A Vincentian View: A Time for Retreat

by | May 8, 2024 | Formation, Reflections | 1 comment

One of the Pilgrimage Festivals of Judaism is Shavuot.  It translates into English as “weeks’ and thus is sometimes called the “Feast of Weeks” as it marks the seven weeks (the “week of weeks”) between Passover and the feast. In Greek (and English), the translation used for Shavuot is Pentecost. This celebration marks the time of the giving of the Torah to Moses on Sinai for our Jewish brothers and sisters.

Christians also count these fifty days which they place between Easter and Pentecost.  We focus attention on the gift of the Holy Spirit. One can understand the giving of the Law in the Jewish Pentecost as comparable to the giving of the Spirit in the Christian Pentecost. Just as the Torah is the instrument of God’s instruction in the Old Testament, so the Holy Spirit is the means of God’s instruction in the New Testament.

Yet, Christians include another day of reflection and celebration during their Easter Season approaching Pentecost. We add the Ascension. Between the Resurrection of the Lord and his Ascension, our Scripture tells many stories of the Risen Lord appearing to his followers, and it also alludes to other appearances.  Perhaps, many more encounters took place, even though we find no mention of them. Clearly, the time between Easter and the Ascension was marked with an awareness of the presence of the Risen Lord. Encounters with this Jesus may well have become expected by the nascent Christian community.

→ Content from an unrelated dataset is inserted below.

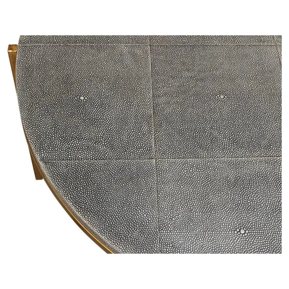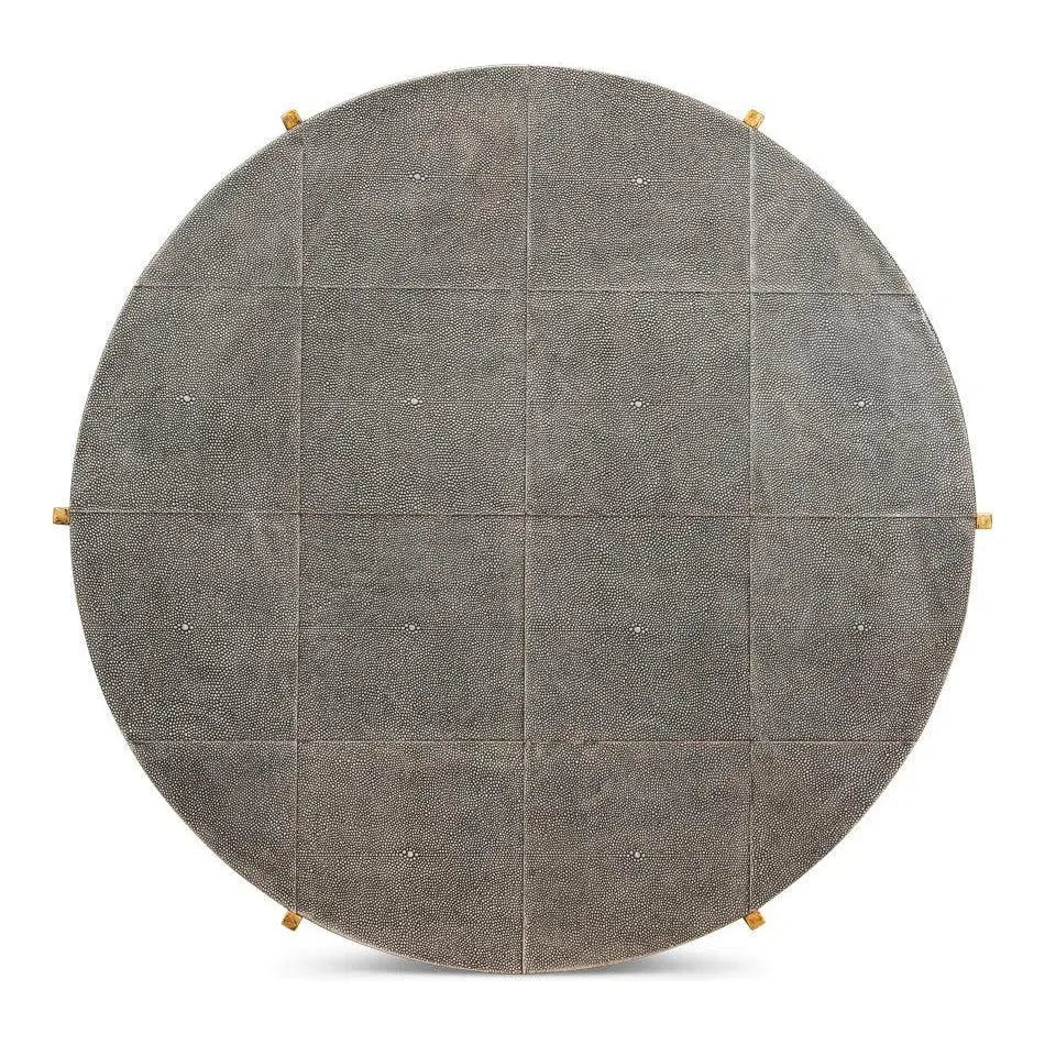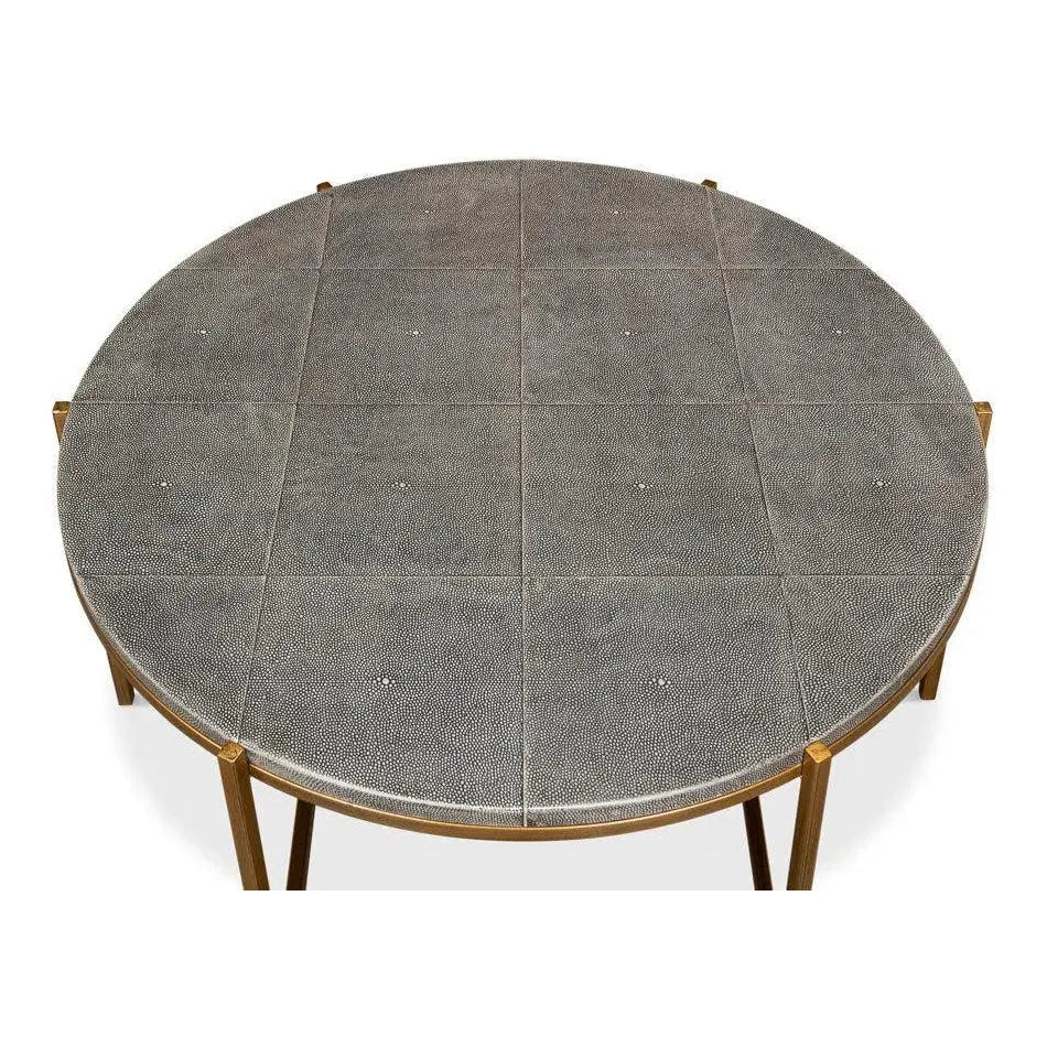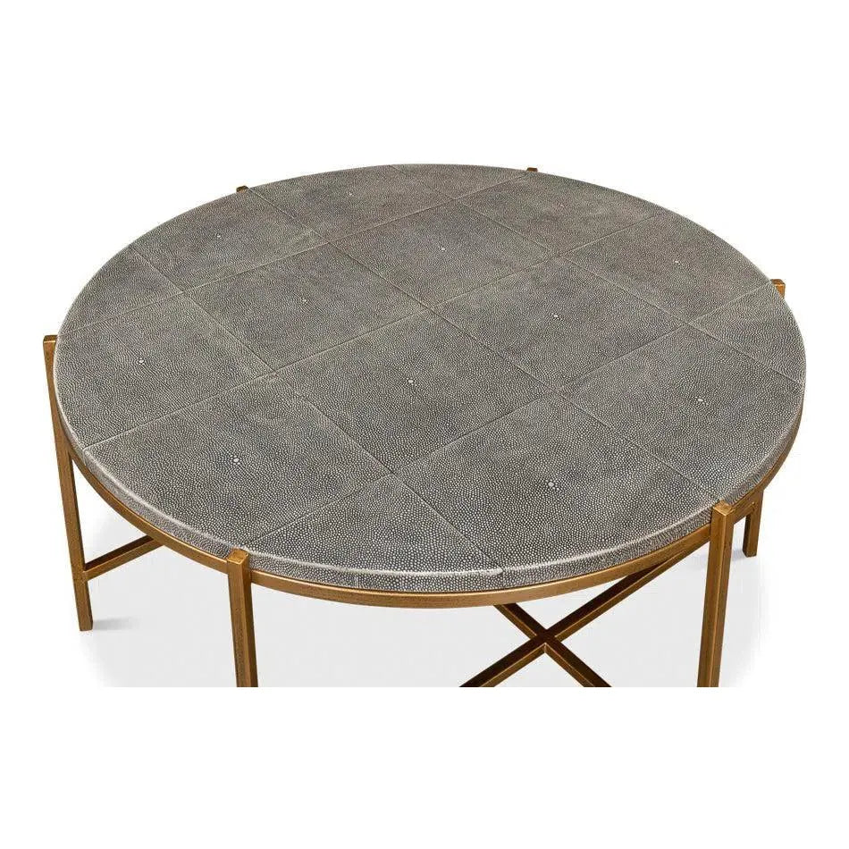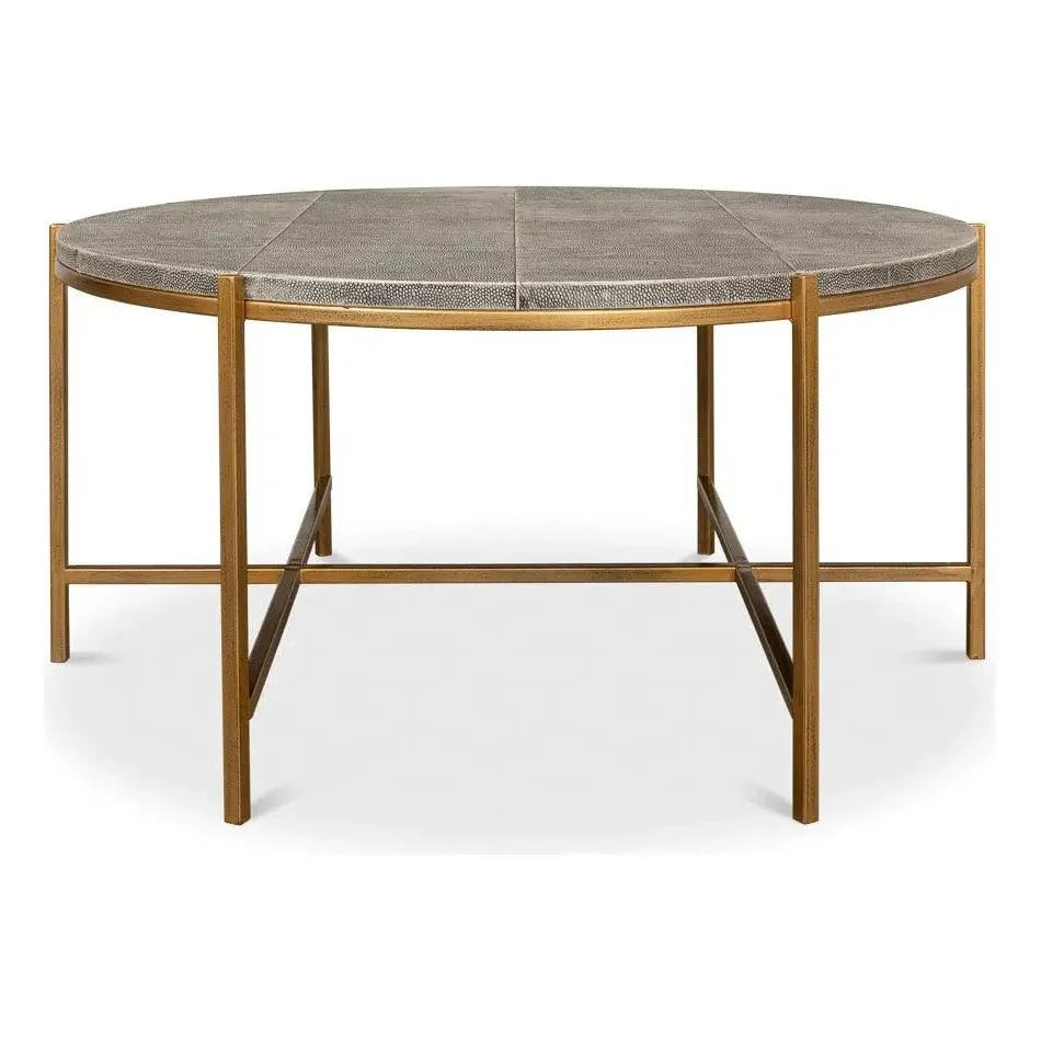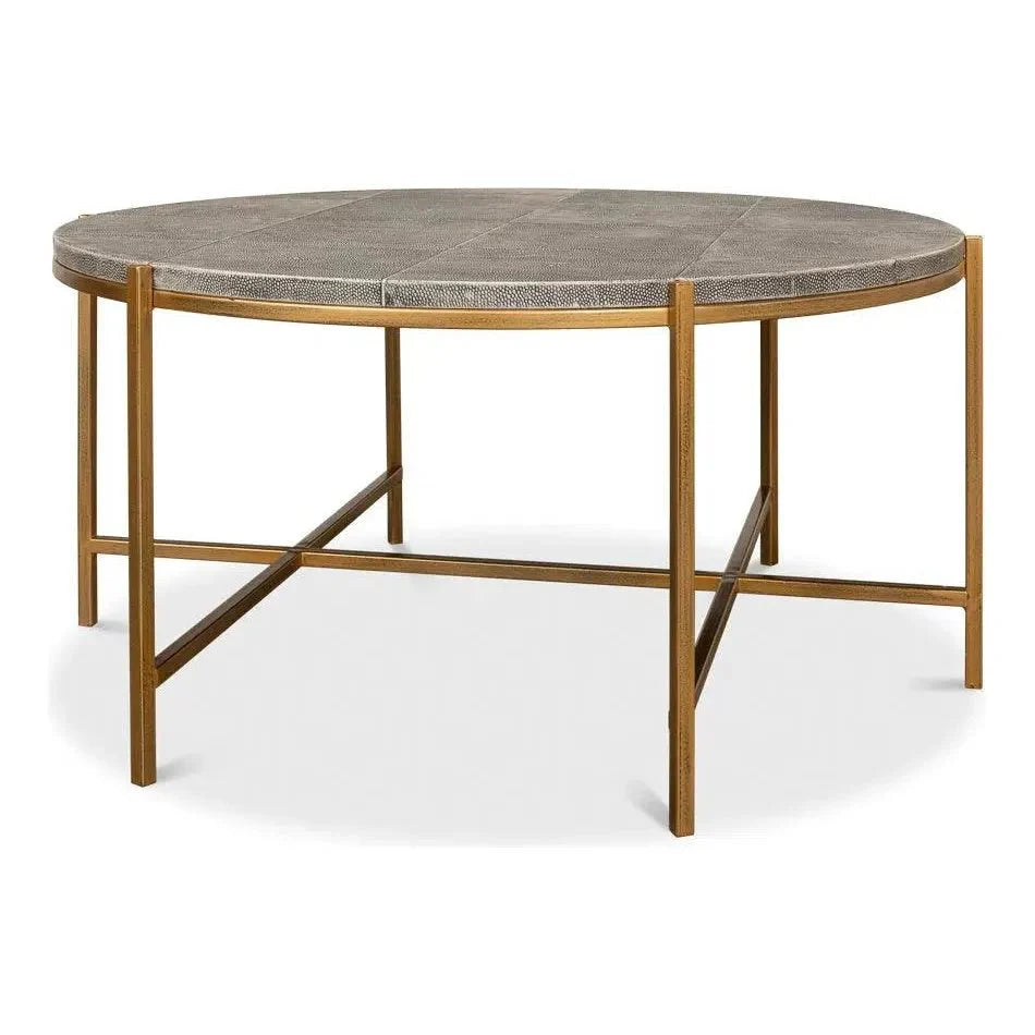 Introduce a touch of organic elegance and industrial edge to your living room with the Grey Shagreen Leather Round Coffee Table. Skillfully crafted with careful attention to detail, this luxurious coffee table features a 34 inch round tabletop adorned in exotic grey shagreen for a unique and captivating texture. Complementing the tabletop is a striking antiqued brass iron base, creating a show-stopping centerpiece that adds a touch of contrast to any space.
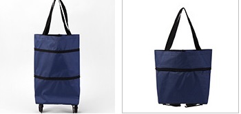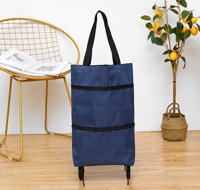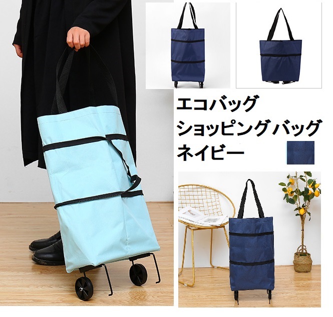 エコバッグ 折りたたみショッピングキャリー 2輪キャスター付き  ネイビー 軽量 大容量

But what happens after the Ascension and before Pentecost?

With the Ascension, the resurrected Lord leaves the company of his followers and the earthly realm. He returns to his Father’s side. Then, for another ten days (until Pentecost), the disciples will wait for the promised gift of the Holy Spirit. What was it like for them in that ‘tween” time?

I envision the character of a retreat. The followers of Jesus needed time to process all that had happened in the last weeks and in the past years. How did it all fit together? Perhaps, they had the opportunity to take a step back and remember so many of the things that Jesus had said and done. As they remembered all these, they may have begun to see them in a new way and admit that they had not understood a lot. They would need help to unpack the life of Jesus in order to grasp more fully who he was and what he taught. That capability would only come through the guidance of the Holy Spirit among them. Their awareness regarding what they did not know or comprehend about Jesus made them eager to surrender themselves to the Spirit that he had promised. Everything would not become clear all at once, but the presence of the Spirit would bring about this deeper belief in Jesus.

Jesus had promised this reality many times in John’s Gospel:

The Advocate, the holy Spirit that the Father will send in my name—he will teach you everything and remind you of all that [I] told you.  (Jn 14:26; see 15:26; 16:7)

Saint Vincent de Paul also spoke about the action of this Holy Spirit:

“Yes, the Holy Spirit personally is poured out on the righteous and dwells personally in them. When we say that the Holy Spirit is at work in someone, it means that this Spirit, residing in that person, gives him or her the same inclinations and dispositions Jesus Christ had on earth, and they cause the person to act in the same way–I’m not saying with equal perfection, but according to the measure of the gifts of that Divine Spirit.” (VdP CCD XII, p. 93)

As we celebrate the solemnity of the Ascension, we can also set our eyes on the Spirit who continues to come into our world and dwell in our hearts. And we can summon this Spirit in faith and hope as we celebrate our Pentecost retreat:

Come, Holy Spirit,

fill the hearts of your faithful

and kindle in them the fire of your love.

1 Comment

  1. Tom M

    Very useful and fruitful lineup of the progressions running through this season.